JSON and SQL are closer to preimages of data and computation manifolds
respectively that are projected (or fibrated) via Kan

------
lame88
I checked out this and the some of the author's other posts. A lot of
complaints here in the thread are valid and pretty consistent through their
articles. However even though the ideas are scattered and loose and they're
trying to market their product, there was a lot of interesting food for
thought - it helped that I've spent some time studying FP. I also feel that
operating systems have been stagnant for a long time. Yes, the OS should
manage hardware and resources, but also the OS is a platform on which other
things are built. The platform part is mainly what has felt quite stagnant and
perhaps more layers of systems on top (JVM, containers, etc.) might not be the
best answer. Adding a layer on top has the benefit of compatibility and
reliability that the layer below provides, but layers also compound
constraints, possibly sticking us with local maxima.

------
bollu
I don't understand what this article is trying to say. The snippets of
category theory just seem to be technobabble: While they are all
"mathematically true" (upto a generous reading), they don't really "make
sense". It reads like the output of a well trained statistical/neural language
model on the #haskell IRC channel.

For example:

> The act of “unbundling” functions (lambdas) from their traditional
> containers is really what Serverless and the Functional Programming
> movements are trying to do

I have no idea where the author got this impression about the functional
programming movement (insofar as such a thing exists) is trying to do. For a
reasoned view on functional programming, check "Why functional programming
matters"

> In FP, you are either writing functions or doing something else (like gluing
> or wiring functions together). Simply put, a monad is an industry-generic
> term for that “something else”.

That is meaningless. A monad is a precisely defined mathematical object in
category theory.

> Technically, monads are instances of special ‘containers’ called monoids
> (sets) that manage the above activities.

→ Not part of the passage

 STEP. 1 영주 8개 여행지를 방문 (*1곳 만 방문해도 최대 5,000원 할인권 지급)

This part of the article manages to completely misunderstand or misrepresent
what monoids are. They are not just "sets", they are sets with additional
structure on them.

> Incidentally, the most troublesome spot for both OO and FP has been homotopy
> type theory, which is similar to the debate over the mutant creatures that
> emerge from relational joins

Uhh, no? HOTT does not come from relational joins, it comes from a desire for
a constructive viewpoint of mathematics in which one can encode proofs well,
so we can check proofs on our computers.

> .. databases and programming _will_ converge — and something called the
> Curry-Howard correspondence suggests we cannot ignore this forever.

I don't understand what this is trying to say, but on a simple reading, this
is blatantly false. While curry howard provides a way to connect proofs in
proof systems to lambda calculus, _(relational) databases don't use lambda
calculus_. Instead, they're based on (surprise surprise) relational algebra,
for which I don't know of a curry howard style analogue.

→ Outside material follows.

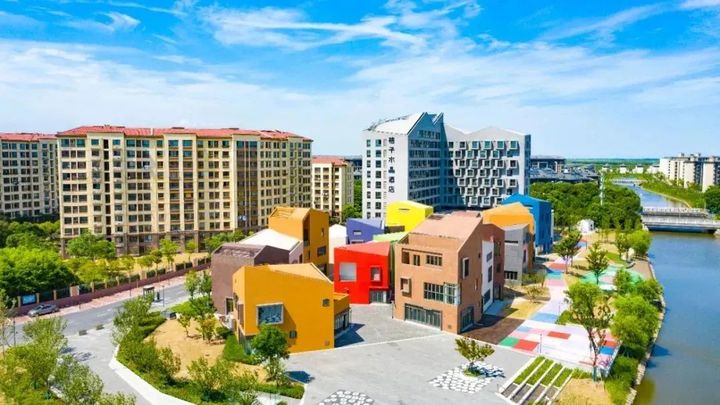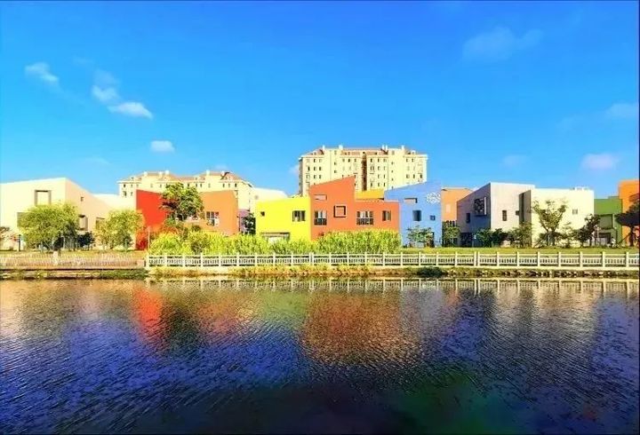 紅橙黃綠青藍紫...... 各色小房子像魔方散落在夏漣河畔,造型獨具一格,色彩搭配和諧,給臨港增加了一抹靚麗的彩色。

> Meanwhile, the geometry community will talk in terms of topos, sheaves and
> data (note how a spreadsheet is sorta both code and data at the same time).

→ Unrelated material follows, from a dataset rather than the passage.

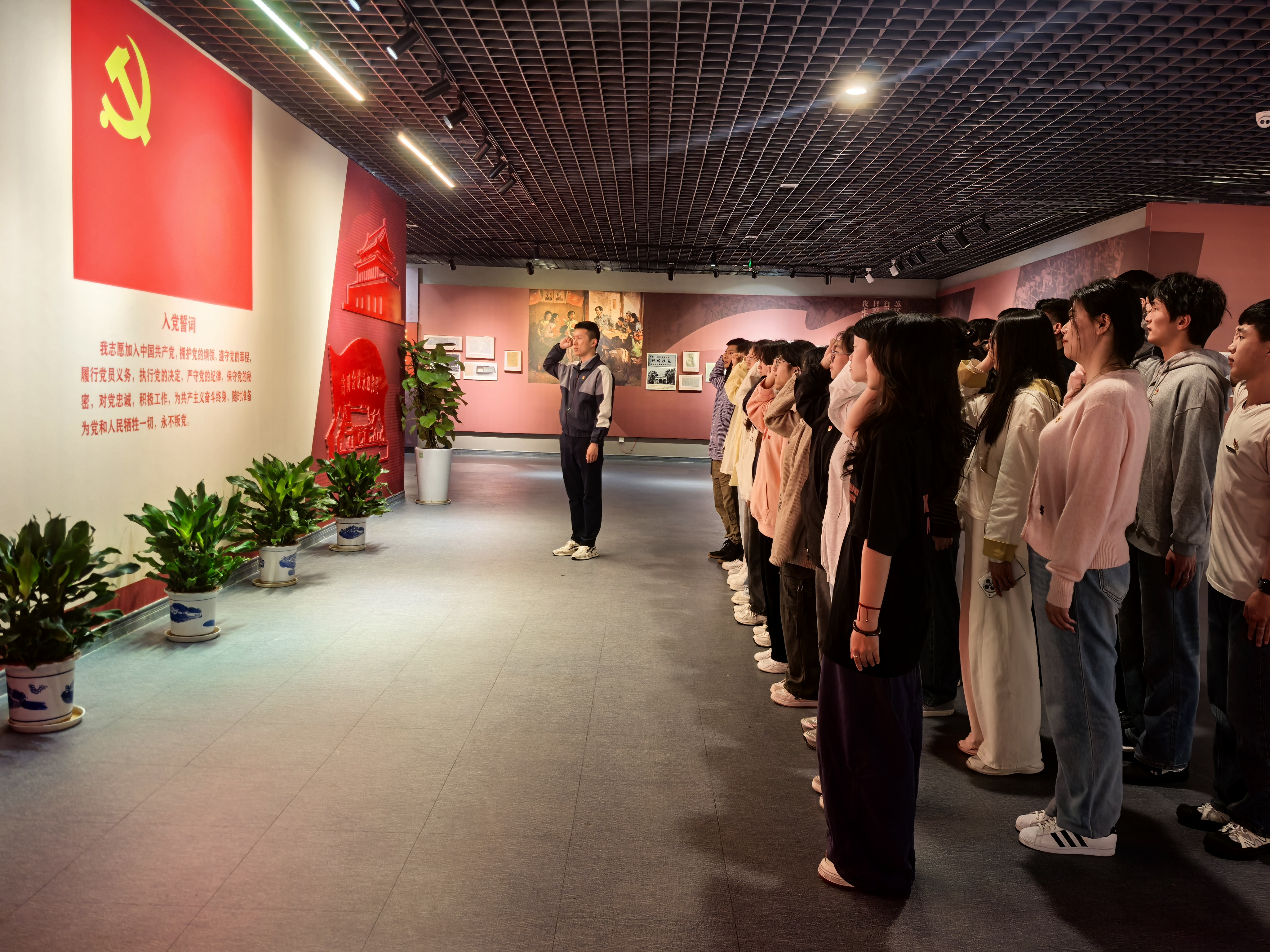 活动最后,在药学院第三党支部书记周凯阳的带领下,全体党员面向党旗进行入党宣誓,重温入党誓词。一句句铿锵有力的誓言在场地回响,这是对党许下的郑重承诺,彰显着共产党员的责任与使命,激发师生党员在新征程上树立不懈奋斗的意志和力量。

Wow, that is _such_ a misrepresentation of how mathematicians use "data". The
word "data" is usually meant to encode "some structure owned by the
mathematical object". One often reads sentences like "the galois group encodes
data about the field", the "data" is not the "dual of code" or some such
nonsense.

> That’s probably why applying algebraic “lambda calculus” to geometric
> problems (remember XML?) tends to be a rather unpleasant programming
> endeavor.

Why is XML geometric? What is this guy talking about? Can he even define a
category? (Forget a topos)

> Vendor software is often needed to establish a “standard” way to assign
> names to lambdas so we can find them. Mathematically speaking, this is the
> job of homotopy. On the other side of the Yoneda “tunnel” we find something
> called an Eilenberg-Moore (EM) category (technically the flip side of
> Kleisli) and other alluring blobs like Serre subcategories and Segal spaces.
> None of which get much play in computer science.

Thi is once again, meaningless. Homotopy is a geometric idea about
deformations, which in homotopy type theory gets utilized to define equality.
But again, this has nothing to do with naming!

Also, elinberg-moore and kleisli categories are very well known. Open any
category theory text, this will a part of the adjoints chapter. Indeed, you
can search on hackage and find packages for it:
[https://hackage.haskell.org/package/streaming-0.2.2.0/docs/S...](https://hackage.haskell.org/package/streaming-0.2.2.0/docs/Streaming-
Internal.html) for example.

> In category theory, we call these “adjoints”, as in “joins”. If you ask the
> memoization crowd they sometimes actually do think in terms of SQL joins. In
> the database world, this is like joining keys of a schema.

What? Adjoints are not about joins. They are kind of generalization of
inverses. Once again, this just reads like technobabble

> Haskell devs have to manually tinker with adjunctions and monads because in-
> memory data support is pretty dumb

What in memory support? What do monads have to do with anything in memory?
Monads are a structure that we use to structure code, it has nothing directly
to do with "memory data support" or whatever this guy is on about.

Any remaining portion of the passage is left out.